The linear transformation $g: R^3 \rightarrow R^3 $ given by $$g(x,y,z) = (x+y,~2y+z,~3z)$$ Find a basis $T$ for $R^3$ such that $_T[f]_T$ is diagonal.

First I found a matrix of a linear transformation

$$_S[g]_S= \begin{pmatrix} 1 & 1 & 0 \\ 0 & 2 & 1 \\ 0 & 0 & 3 \end{pmatrix} $$

and $g$ has eigenvalues $1,2,3$.

But know I am not sure how to find a basis $T$.

Should I try to find the eigenspaces $V(\lambda)$-s corresponding to eigenvalues?

I'm not really sure how, to begin with, this one.
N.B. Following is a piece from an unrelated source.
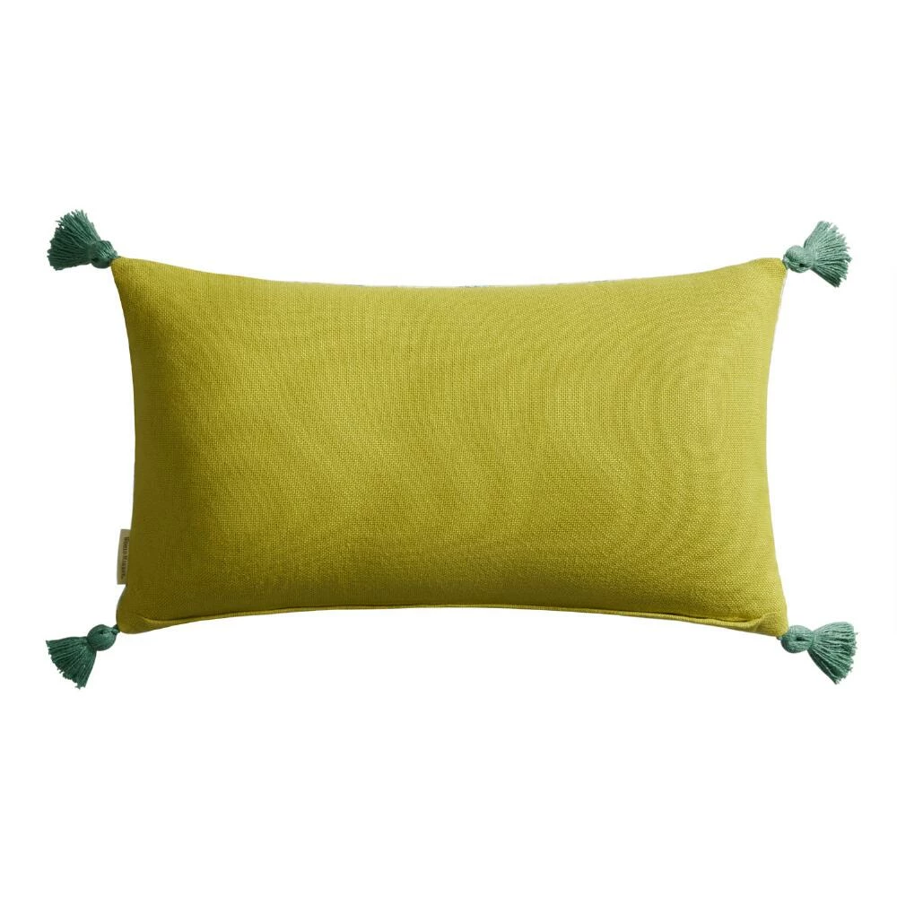In shades of aqua, teal and lime, the exclusive geometric print on the front of our lumbar pillow is inspired by Indonesian ikat and batik fabrics. The island-botanicals color palette gives off lush, tropical vibes that provides a vibrant update for your space with chic global appeal. Made with an innovative process that puts recycled water bottles to good use, it features a solid ivory back, while silky corner tassels give it an elevated look.

Anything would help thanks.

Answer 1

Try to find three non-zero vectors $v_1,v_2,v_3$ in $\mathbb R^3$ such that $g(v_1)=v_1$, $g(v_2) = 2v_2$ and $g(v_3) = 3v_3$. Then put $T = \{v_1,v_2,v_3\}$.

Answer 2

Now, you find eigenvectors corresponding to those eigenvalues. It is clear that $(1,0,0)$ is an eigenvector corresponding to the eigenvalue $1$. With a few calculations, you get that $(1,1,0)$ is an eigenvector corresponding to the eigenvalue $2$ and that $(1,2,2)$ is an eigenvector corresponding to the eigenvalue $3$. So, take$$T=\bigl\{(1,0,0),(1,1,0),(1,2,2)\bigr\}.$$Then, the matrix of $g$ with respect to $T$ is$$\begin{bmatrix}1&0&0\\0&2&0\\0&0&3\end{bmatrix}.$$